§ EXERCISE INSTRUCTIONS: Without the pictures, return each record as it appears.

§ RECORDS TO PROCESS:
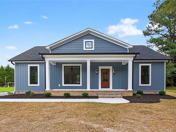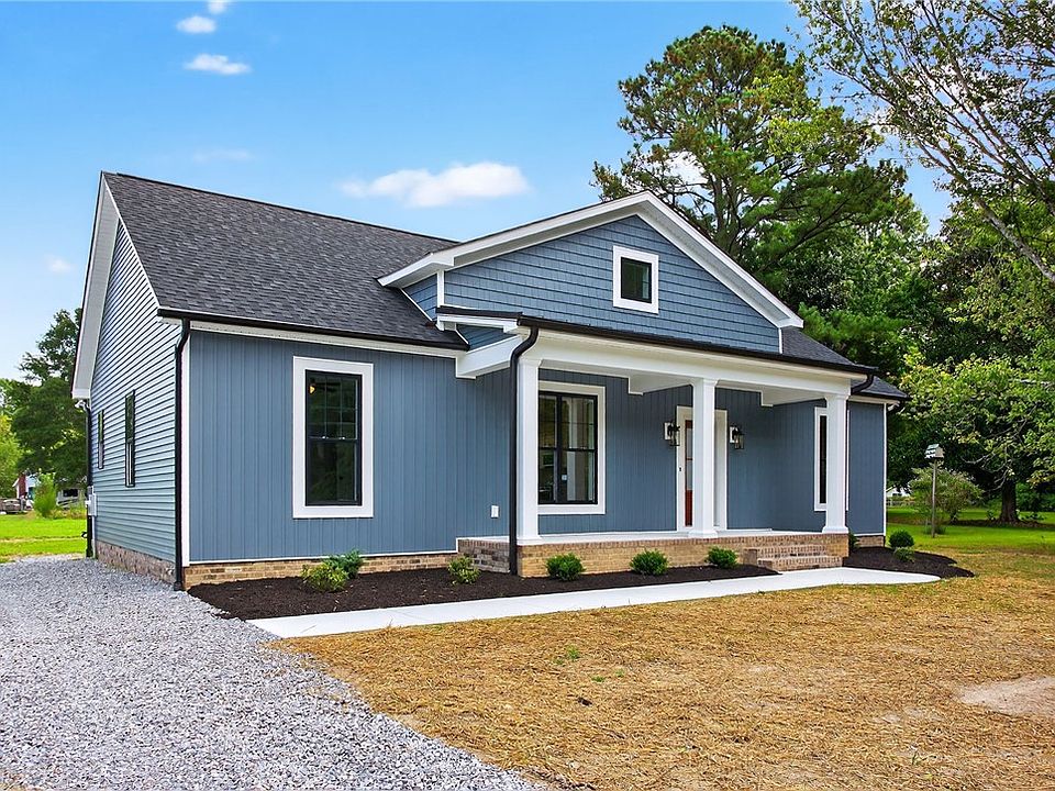 Location, Location, Location! Price Improvement on this Beautiful New MOVE-IN-READY Home with a convenient "in-town" location in the charming coastal village of Kilmarnock, VA and ready for new owners to enjoy. This gorgeous Cedar Creek model by Rock River Homes is a fantastic open-concept design and greets you with a welcoming front porch. The home has 3 large bedrooms, 2 full baths, a HUGE Great Room with vaulted ceilings, and a gourmet kitchen with a large prep island, stunning Merillat cabinetry and beautiful granite tops. The main level primary has a generous ensuite bath with oversized shower and a large walk-in closet and the 2 large guest rooms share a large hall bath. The chef in the family will love the open kitchen design - perfect for entertaining. There is a convenient rear entry door into the mud room with built-in drop zone bench, laundry area and easy access to the back yard. This home is filled with great finishes like luxury vinyl plank floors in the living areas and baths, granite countertops in the kitchen and baths, 9' ceilings, ceiling fans in all bedrooms and the great room, 6" baseboard trim, bullnose drywall, Delta faucets, conditioned crawl space and concrete porch and lead walk. All just a short bike ride or drive to the great shops and restaurants on Main Street Kilmarnock and just minutes to Town Park, the YMCA, Rappahannock General Hospital, Irvington's Farmer's Market and the Tides Inn Resort, local marinas, and of course The River! Come enjoy a Northern Neck lifestyle in this fabulous new home!
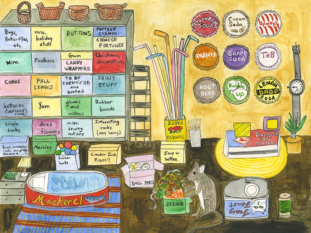 Muriel's collections occupied all of her spare time. Limited edition print.
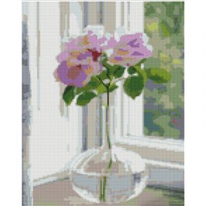 Алмазна мозаїка Strateg ПРЕМІУМ Квітка на підвіконні розміром 30х40 см (KB103)
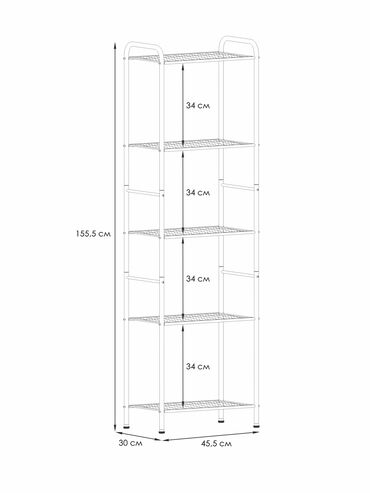 Система хранения имеет 5 металлических сетчатых полок, каждая из которых выдерживает нагрузку до 8 кг.
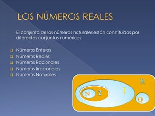 El documento describe los diferentes conjuntos numéricos que conforman los números reales. Explica que los números naturales son los utilizados para contar y no tienen parte decimal. Los números enteros incluyen a los naturales, sus opuestos y el cero. Los números racionales son aquellos que pueden expresarse como cociente de enteros, mientras que los irracionales no pueden expresarse de esa forma y tienen cifras decimales infinitas no periódicas. Algunos irracionales famosos son pi, e y la constante áurea. Finalmente, propone actividades de ref
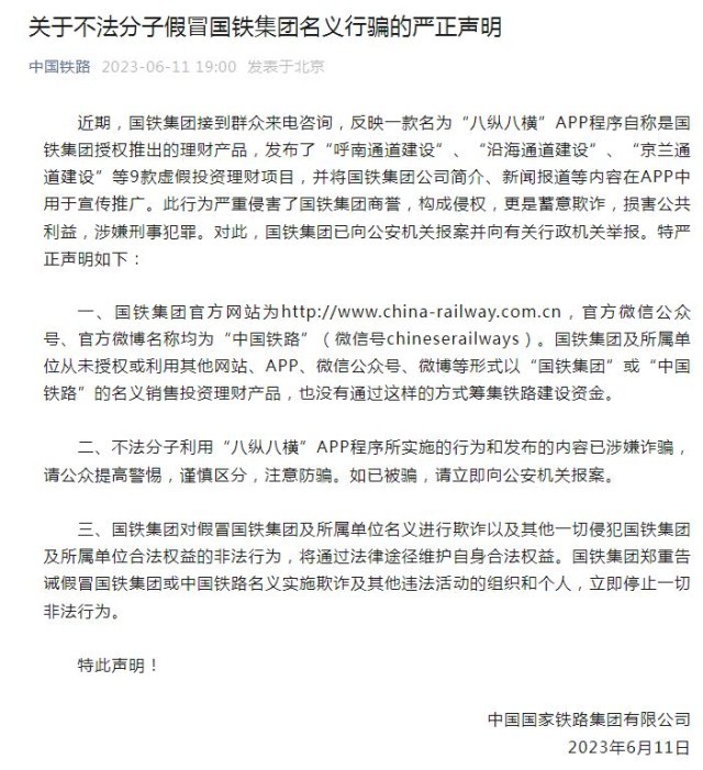 “中国铁路”微信公众号6月11日发布严正声明称,近期,国铁集团接到群众来电咨询,反映一款名为“八纵八横”APP程序自称是国铁集团授权推出的理财产品,发布了“呼南通道建设”、“沿海通道建设”、“京兰通道建设”等9款虚假投资理财项目,并将国铁集团公司简介、新闻报道等内容在APP中用于宣传推广。
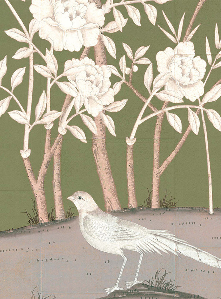 Birds of Flight is based on Mural Source chinoiserie classics. Consisting of monochromatic foliage and bold background colors, this classic subject matter is portrayed in a stunning modern fashion. 3 Panels Available in Full Length/Headers/Footers, Sold in individual Panels, Width: 30" 36", Design Height: 108", Total Height: 102", Birds of Flight,Paul Montgomery Studios
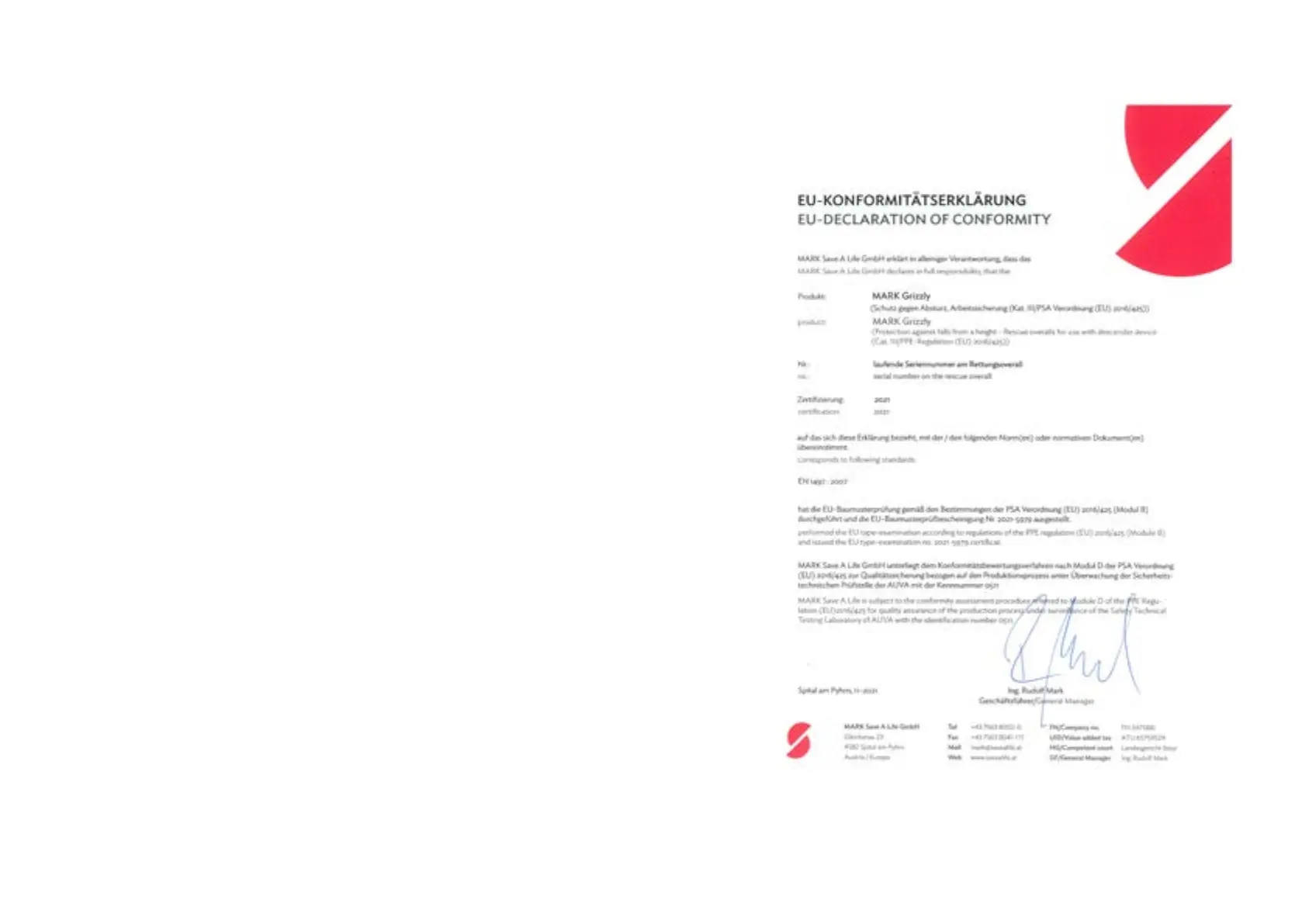 The manufacturer, MARK Save A Life GmbH, Gleinkerau 23, 4582 Spital am Pyhrn,
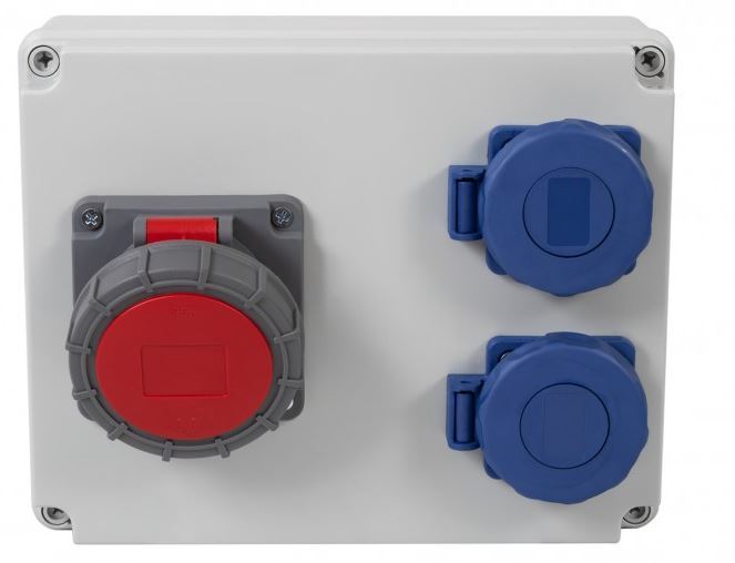 Rozdzielnica R-240 32/5,2x230V IP65 natynkowa wyposażona w 1 gniazdo 32A 5P 3-fazowe + 2 gniazda 230V zamykane klapką
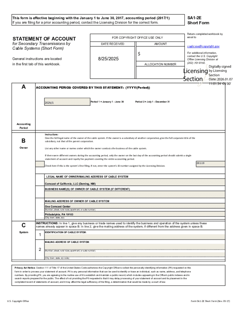 This form requires key details essential for proper filing, including information about the cable systems involved. The applicable accounting period for this form spans from January 1 to June 30, 2025, making timely completion critical for those affected.
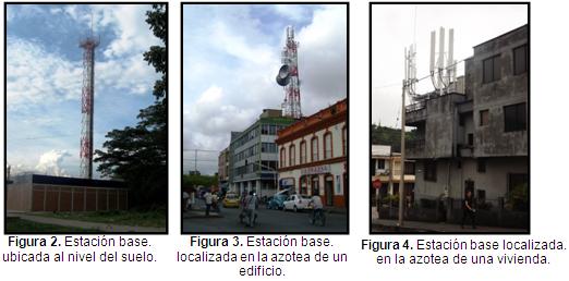 Respecto a los factores propios de las estaciones base, es importante determinar el tipo de estructura que sirve de soporte al conjunto de antenas de telefonía móvil (v.g. se evidencian tres casos: antenas ubicadas en torres o mástiles localizadas al nivel del suelo (ver Figura 2), antenas en torres ubicadas en las azoteas de los edificios (ver Figura 3) y antenas ubicadas en la parte superior de un edificio o vivienda de menos de tres pisos (ver Figura 4).
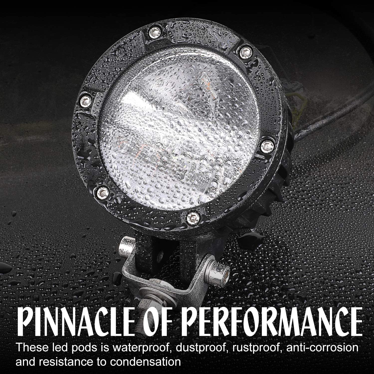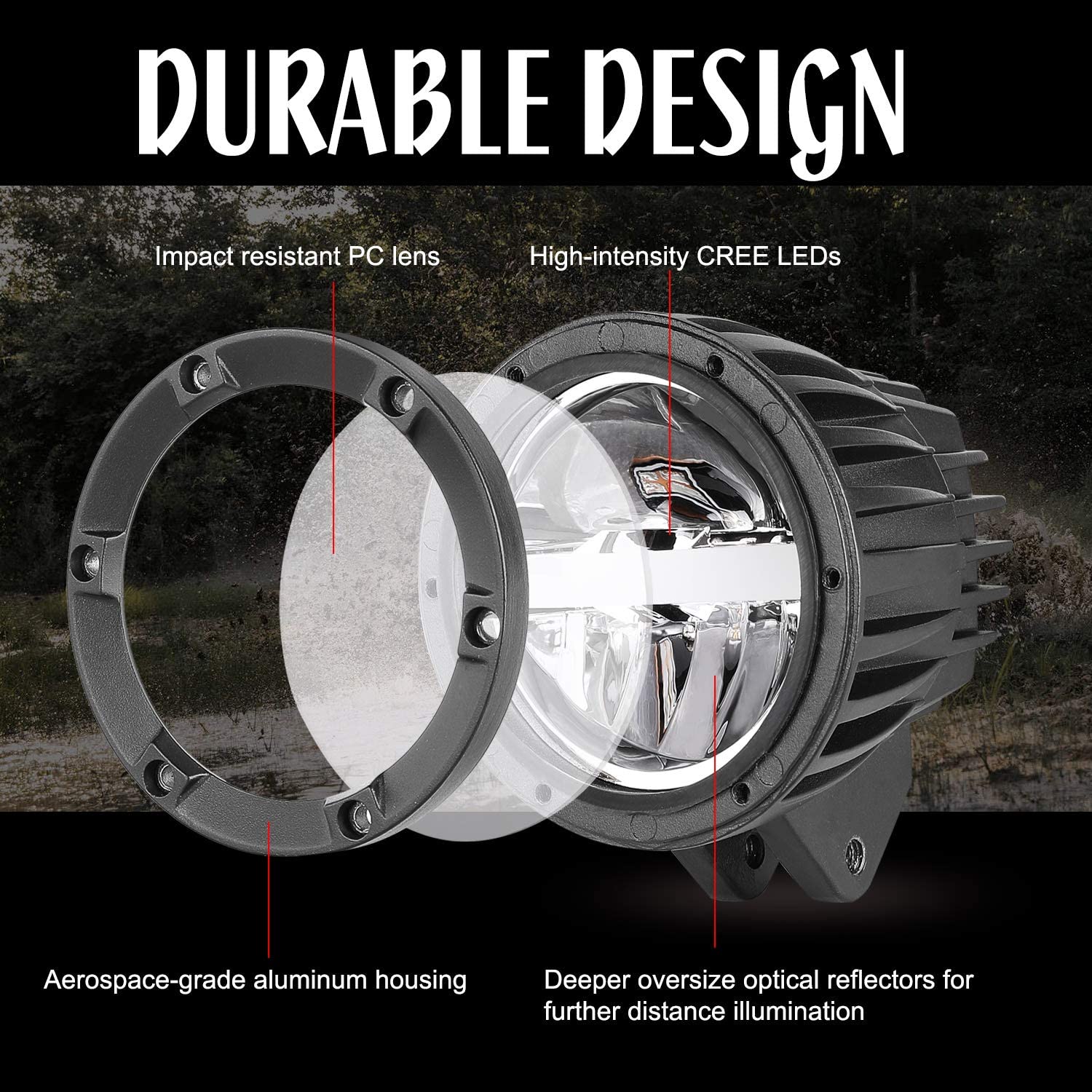 * DURABLE DESIGN - Built with durability in mind, high quality powder coated black aluminum housing and unbreakable PC lens ensure IP68 rated protection to stand up the toughest condition. Each lights assembly undergoes a rigorous quality control process before leaves the factory and tested to ensure completely functional of waterproof,rustproof, dust-proof, impact resistance and anti-corrosive. Latest circuitry and heat sink maintain temperature balance are guaranteed to serve you for many years.
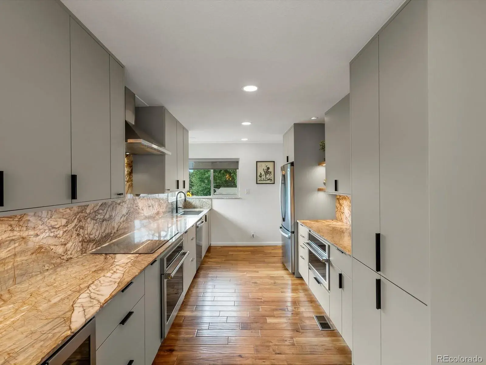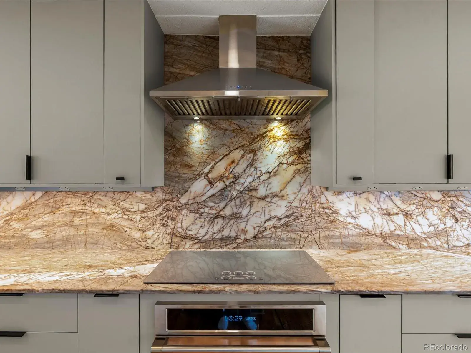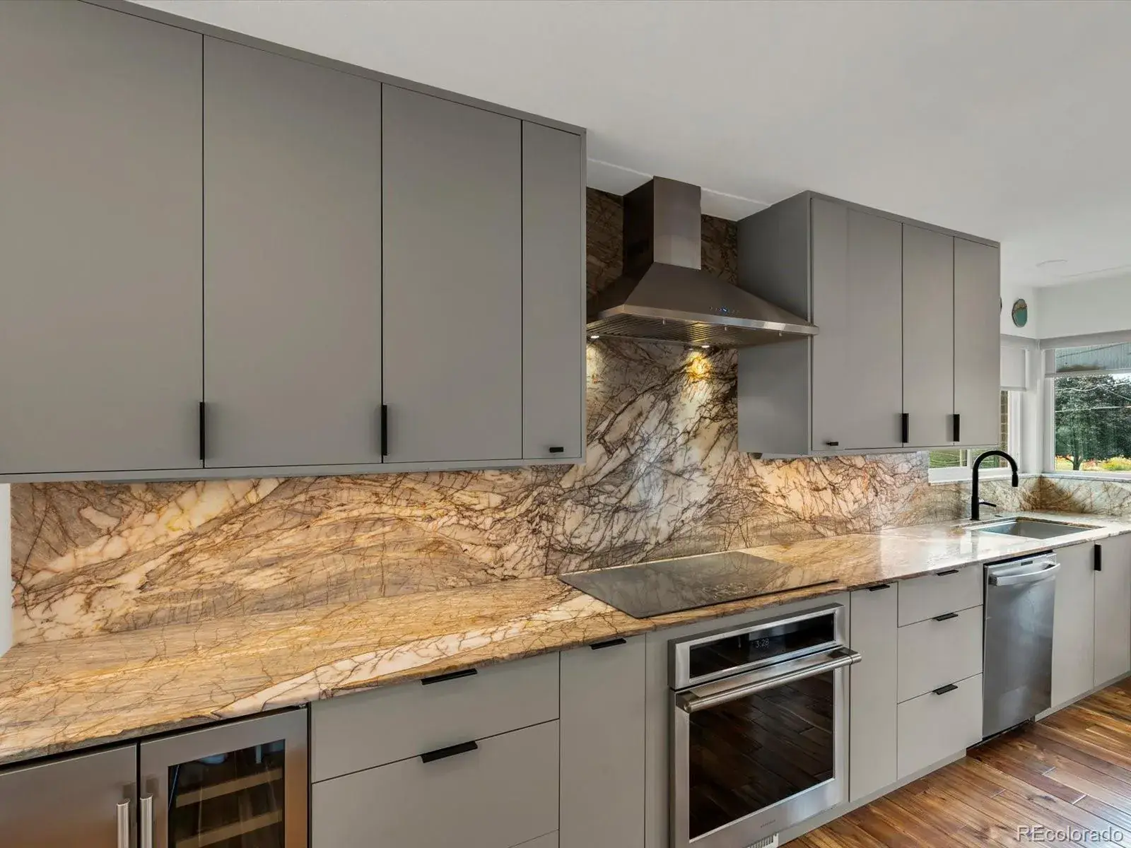 The kitchen is the heart of the home and it shows. Blue Dragon countertops command attention in the best way, paired with a Monogram speed oven, induction cooktop, and soft dimmable under-cabinet lighting that elevates everyday moments. Even meal prep feels different when your kitchen window frames Mount Blue Sky in the distance.

§ OUTPUT FOR THIS TASK:
 Location, Location, Location! Price Improvement on this Beautiful New MOVE-IN-READY Home with a convenient "in-town" location in the charming coastal village of Kilmarnock, VA and ready for new owners to enjoy. This gorgeous Cedar Creek model by Rock River Homes is a fantastic open-concept design and greets you with a welcoming front porch. The home has 3 large bedrooms, 2 full baths, a HUGE Great Room with vaulted ceilings, and a gourmet kitchen with a large prep island, stunning Merillat cabinetry and beautiful granite tops. The main level primary has a generous ensuite bath with oversized shower and a large walk-in closet and the 2 large guest rooms share a large hall bath. The chef in the family will love the open kitchen design - perfect for entertaining. There is a convenient rear entry door into the mud room with built-in drop zone bench, laundry area and easy access to the back yard. This home is filled with great finishes like luxury vinyl plank floors in the living areas and baths, granite countertops in the kitchen and baths, 9' ceilings, ceiling fans in all bedrooms and the great room, 6" baseboard trim, bullnose drywall, Delta faucets, conditioned crawl space and concrete porch and lead walk. All just a short bike ride or drive to the great shops and restaurants on Main Street Kilmarnock and just minutes to Town Park, the YMCA, Rappahannock General Hospital, Irvington's Farmer's Market and the Tides Inn Resort, local marinas, and of course The River! Come enjoy a Northern Neck lifestyle in this fabulous new home!
 Muriel's collections occupied all of her spare time. Limited edition print.
 Алмазна мозаїка Strateg ПРЕМІУМ Квітка на підвіконні розміром 30х40 см (KB103)
 Система хранения имеет 5 металлических сетчатых полок, каждая из которых выдерживает нагрузку до 8 кг.
 El documento describe los diferentes conjuntos numéricos que conforman los números reales. Explica que los números naturales son los utilizados para contar y no tienen parte decimal. Los números enteros incluyen a los naturales, sus opuestos y el cero. Los números racionales son aquellos que pueden expresarse como cociente de enteros, mientras que los irracionales no pueden expresarse de esa forma y tienen cifras decimales infinitas no periódicas. Algunos irracionales famosos son pi, e y la constante áurea. Finalmente, propone actividades de ref
 “中国铁路”微信公众号6月11日发布严正声明称,近期,国铁集团接到群众来电咨询,反映一款名为“八纵八横”APP程序自称是国铁集团授权推出的理财产品,发布了“呼南通道建设”、“沿海通道建设”、“京兰通道建设”等9款虚假投资理财项目,并将国铁集团公司简介、新闻报道等内容在APP中用于宣传推广。
 Birds of Flight is based on Mural Source chinoiserie classics. Consisting of monochromatic foliage and bold background colors, this classic subject matter is portrayed in a stunning modern fashion. 3 Panels Available in Full Length/Headers/Footers, Sold in individual Panels, Width: 30" 36", Design Height: 108", Total Height: 102", Birds of Flight,Paul Montgomery Studios
 The manufacturer, MARK Save A Life GmbH, Gleinkerau 23, 4582 Spital am Pyhrn,
 Rozdzielnica R-240 32/5,2x230V IP65 natynkowa wyposażona w 1 gniazdo 32A 5P 3-fazowe + 2 gniazda 230V zamykane klapką
 This form requires key details essential for proper filing, including information about the cable systems involved. The applicable accounting period for this form spans from January 1 to June 30, 2025, making timely completion critical for those affected.
 Respecto a los factores propios de las estaciones base, es importante determinar el tipo de estructura que sirve de soporte al conjunto de antenas de telefonía móvil (v.g. se evidencian tres casos: antenas ubicadas en torres o mástiles localizadas al nivel del suelo (ver Figura 2), antenas en torres ubicadas en las azoteas de los edificios (ver Figura 3) y antenas ubicadas en la parte superior de un edificio o vivienda de menos de tres pisos (ver Figura 4).
 * DURABLE DESIGN - Built with durability in mind, high quality powder coated black aluminum housing and unbreakable PC lens ensure IP68 rated protection to stand up the toughest condition. Each lights assembly undergoes a rigorous quality control process before leaves the factory and tested to ensure completely functional of waterproof,rustproof, dust-proof, impact resistance and anti-corrosive. Latest circuitry and heat sink maintain temperature balance are guaranteed to serve you for many years.
 The kitchen is the heart of the home and it shows. Blue Dragon countertops command attention in the best way, paired with a Monogram speed oven, induction cooktop, and soft dimmable under-cabinet lighting that elevates everyday moments. Even meal prep feels different when your kitchen window frames Mount Blue Sky in the distance.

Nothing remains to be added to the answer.